IDSA Guidelines for Cystitis Treatment
According to the 2011 Infectious Diseases Society of America (IDSA) guidelines, nitrofurantoin monohydrate/macrocrystals (100 mg twice daily for 5 days) is recommended as first-line therapy for acute uncomplicated cystitis due to minimal resistance and limited collateral damage, with efficacy comparable to trimethoprim-sulfamethoxazole 1.
First-Line Treatment Options
Nitrofurantoin monohydrate/macrocrystals (100 mg twice daily for 5 days) is a first-line agent with clinical cure rates of 88-93% and bacterial cure rates of 81-92% 1.
Trimethoprim-sulfamethoxazole (160/800 mg twice daily for 3 days) is appropriate first-line therapy only when local resistance rates of uropathogens are known to be <20% or the infecting strain is confirmed susceptible 1.
Fosfomycin trometamol (3 g single dose) is an appropriate first-line option with minimal resistance and limited collateral damage, though it may have slightly lower efficacy compared to standard short-course regimens 1, 2.
Pivmecillinam (400 mg twice daily for 3-7 days) is recommended in regions where available (primarily European countries, not available in North America) 1.
Alternative Treatment Options
Fluoroquinolones (ofloxacin, ciprofloxacin, norfloxacin, levofloxacin) are highly effective in 3-day regimens but should be reserved as alternative agents due to their propensity for collateral damage 1.
β-Lactam agents (amoxicillin-clavulanate, cefdinir, cefaclor, cefpodoxime-proxetil) in 3-7 day regimens should be used only when first-line agents cannot be used, as they generally have inferior efficacy and more adverse effects 1.
Other β-lactams like cephalexin are less studied but may be appropriate in certain settings 1.
Treatments to Avoid
- Amoxicillin or ampicillin should not be used for empirical treatment due to poor efficacy and high prevalence of antimicrobial resistance worldwide 1.
Comparative Efficacy
Nitrofurantoin has shown similar clinical cure rates to ciprofloxacin (93% vs 95%) and trimethoprim-sulfamethoxazole (93% vs 95%) 1.
Fosfomycin has demonstrated clinical cure rates of approximately 90%, but microbiological cure rates may be lower (78%) compared to nitrofurantoin (86%) 1, 2.
Trimethoprim-sulfamethoxazole shows significantly reduced efficacy against resistant organisms (clinical cure rates of 41-54% for resistant strains vs 84-88% for susceptible strains) 1.
Special Considerations
For uncomplicated cystitis in women, diagnosis can often be made without an office visit or urine culture 3.
Urine cultures are recommended for women with suspected pyelonephritis, symptoms that don't resolve or recur within 2-4 weeks after treatment, or those presenting with atypical symptoms 4.

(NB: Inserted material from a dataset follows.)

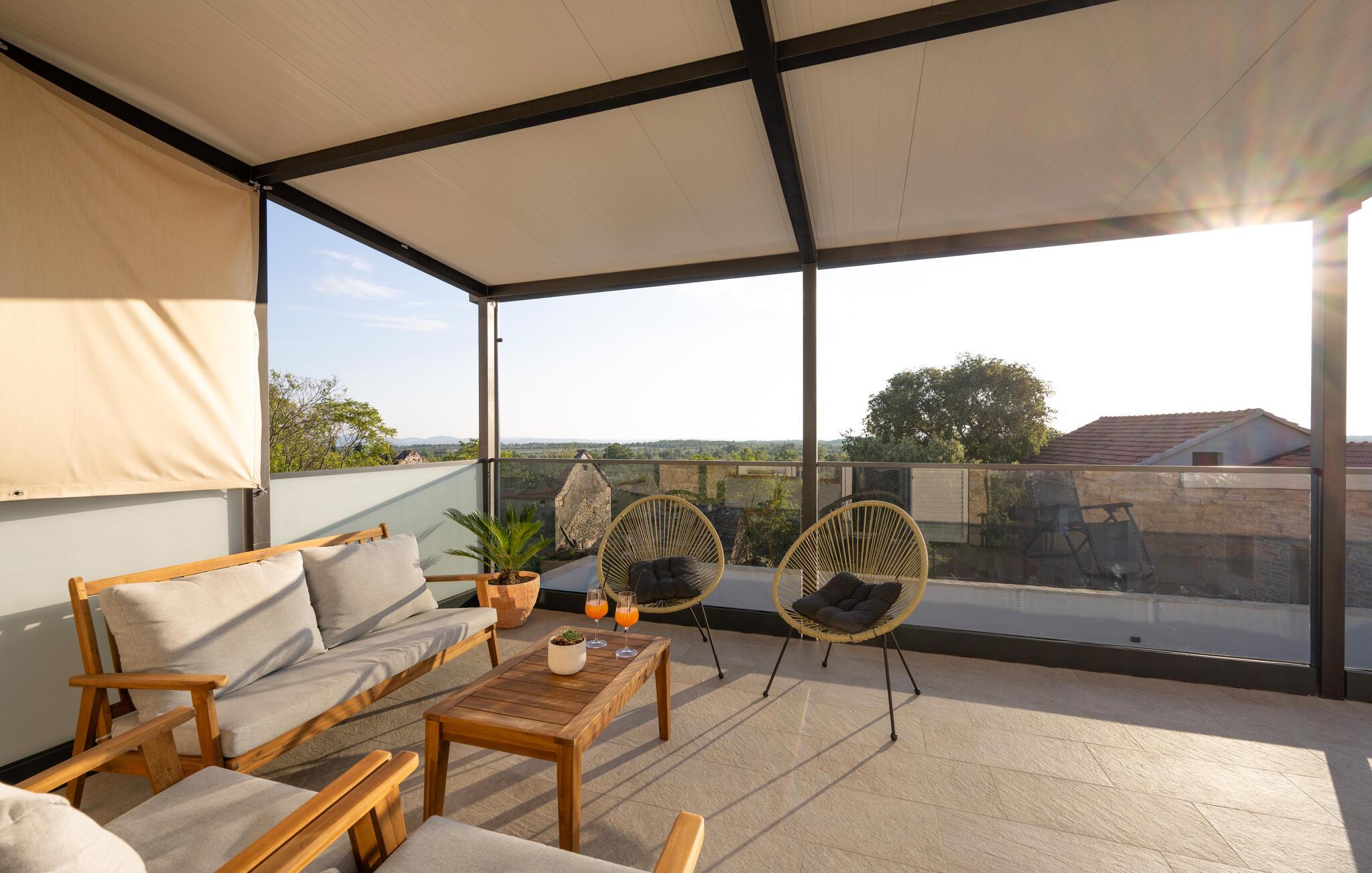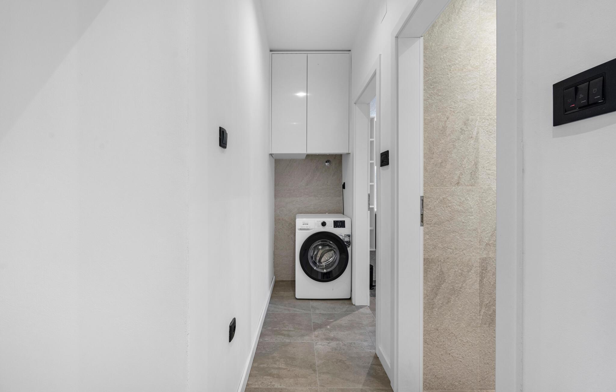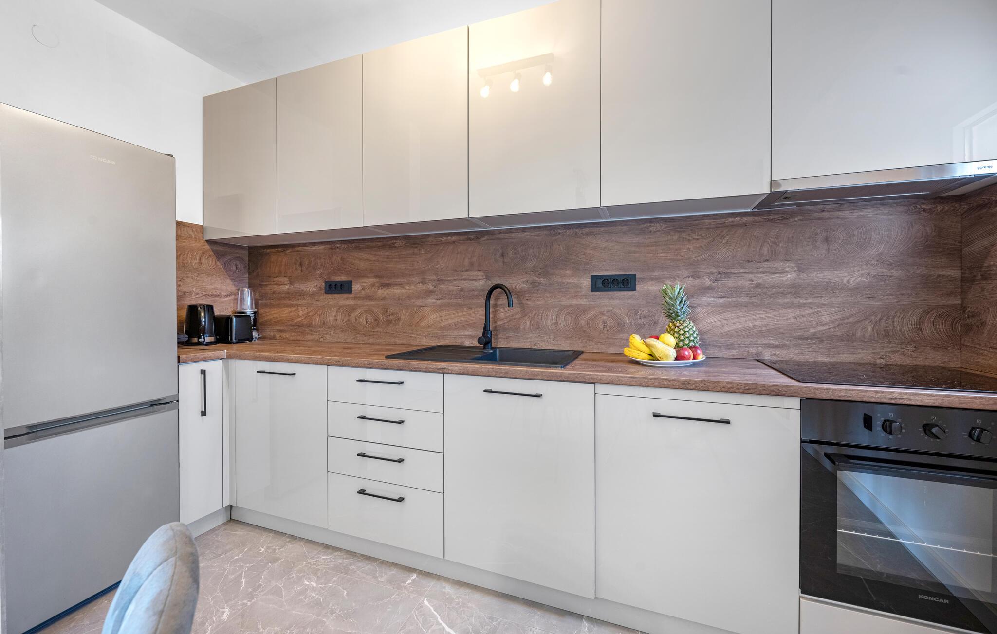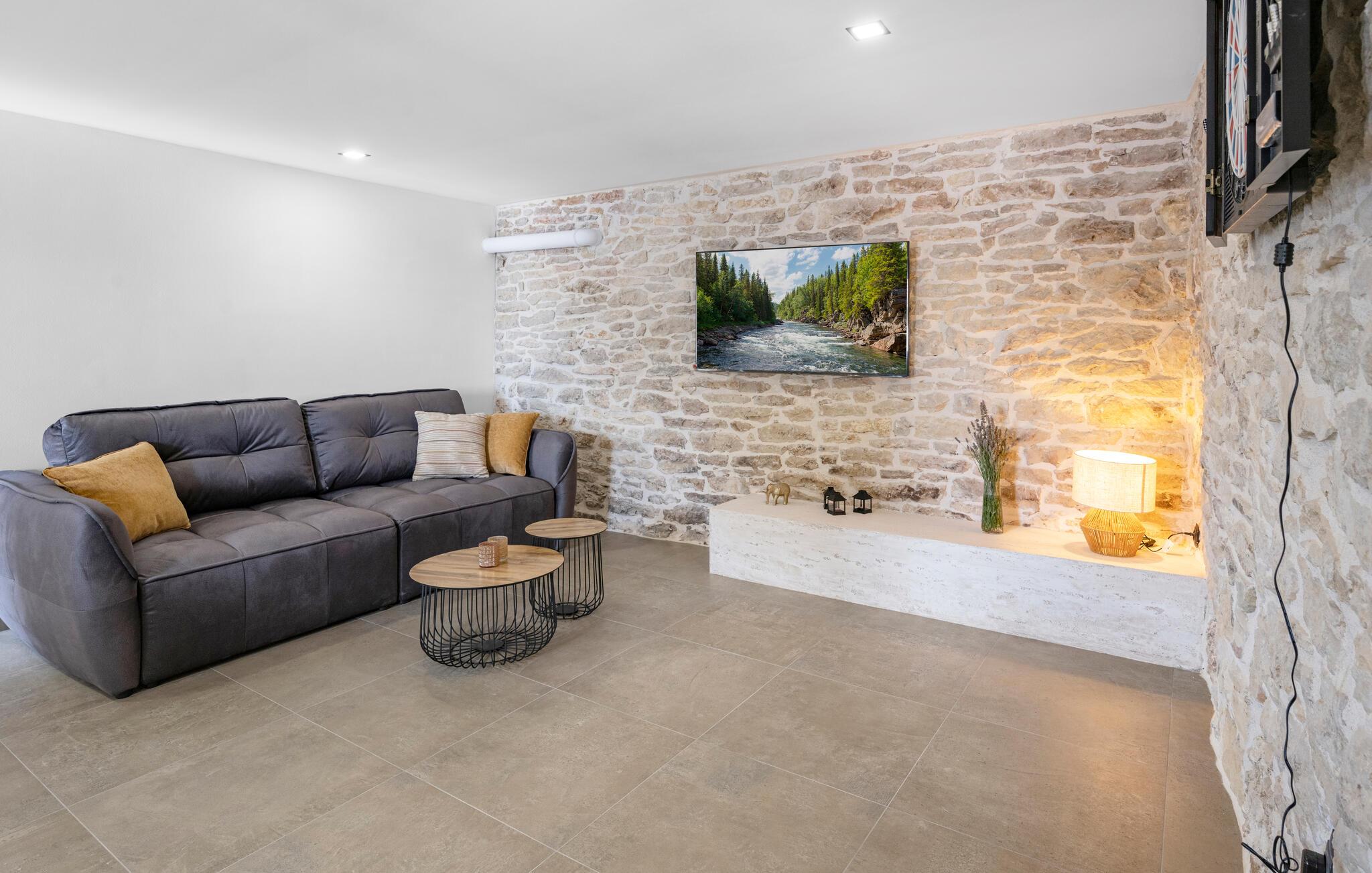 Nyd en afslappende ferie i dette moderne feriehus i Plastovo, en charmerende landsby ikke langt fra Krka Nationalpark. Dette elegante hjem har et strejf af luksus. Slap af på den store terrasse, som er udstyret med en rummelig pool og komfortable liggestole. Begynd jeres dage med et frisk hop i det kølige vand og nyd de fredelige omgivelser. Husets stilfulde interiør lægger op til at nyde livet og have det rart. Find jer godt til rette i den komfortable sofa i stuen og nyd den moderne indretning. I det veludstyrede køkken kan I tilberede jeres ferieretter og nyde dem ved spisebordet med familie eller venner.

Immediate antimicrobial therapy is recommended rather than delayed treatment or symptom management alone 3.
The threshold of 20% resistance prevalence for trimethoprim-sulfamethoxazole is based on expert opinion from clinical, in vitro, and mathematical modeling studies 1.
When choosing an empiric agent, consider local resistance patterns, patient allergies, potential side effects, and cost 1.